Mastering the dilution formula is crucial for preparing solutions in laboratory settings and ensures accurate chemical reactions.

Sulfuric acid

Sulfuric acid (\(\mathrm{H}_2\mathrm{SO}_4\)) is a strong mineral acid renowned for its industrial importance and key role in various chemical reactions. Its importance lies in the fact that it is widely used in the production of fertilizers, in petroleum refining, and in the processing of metals.

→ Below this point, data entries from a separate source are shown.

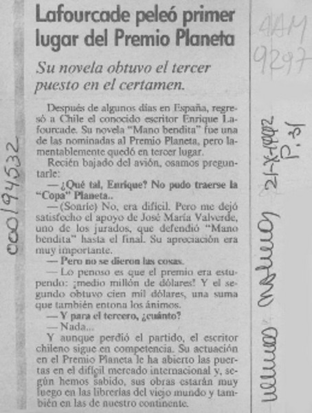 Ultima novela de Lafourcade [artículo].
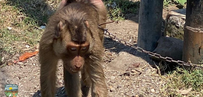 Di bawah terik matahari, seekor beruk (Macaca nemestrina) menatap kosong, terikat pada sebuah tiang besi di tepi jalan raya Desa Tonjung Burneh, Bangkalan. Tubuhnya dirantai, tanpa naungan, tanpa kandang, dan dikelilingi tumpukan sampah. Hanya sesekali tangan manusia yang peduli menyodorkan makanan seadanya. Di balik tatapan matanya yang sayu, tersimpan kisah panjang tentang luka, penelantaran, dan perjuangan hidup satwa liar yang seharusnya bebas di rimba tropis.
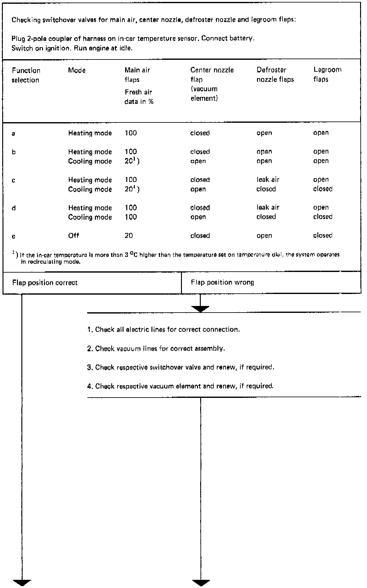 CHECKING SWITCHOVER VALVES FOR MAIN AIR, CENTER NOZZLE, DEFROSTER NOZZLE AND LEGROOM FLAPS:

It has a high affinity for water and demonstrates exothermic interactions with water, indicating that mixing concentrated sulfuric acid with water releases a significant amount of heat. Therefore, it's important to carefully dilute sulfuric acid by adding acid to water, not the other way around, to safely control the heat release.

• Handle with care due to its corrosive nature.
• Used in batteries, such as car batteries, due to its acidic and conductive properties.
• Often involved in synthesis reactions as both a reagent and a catalyst.

Understanding the properties and uses of sulfuric acid is essential for anyone working with it in any chemical context.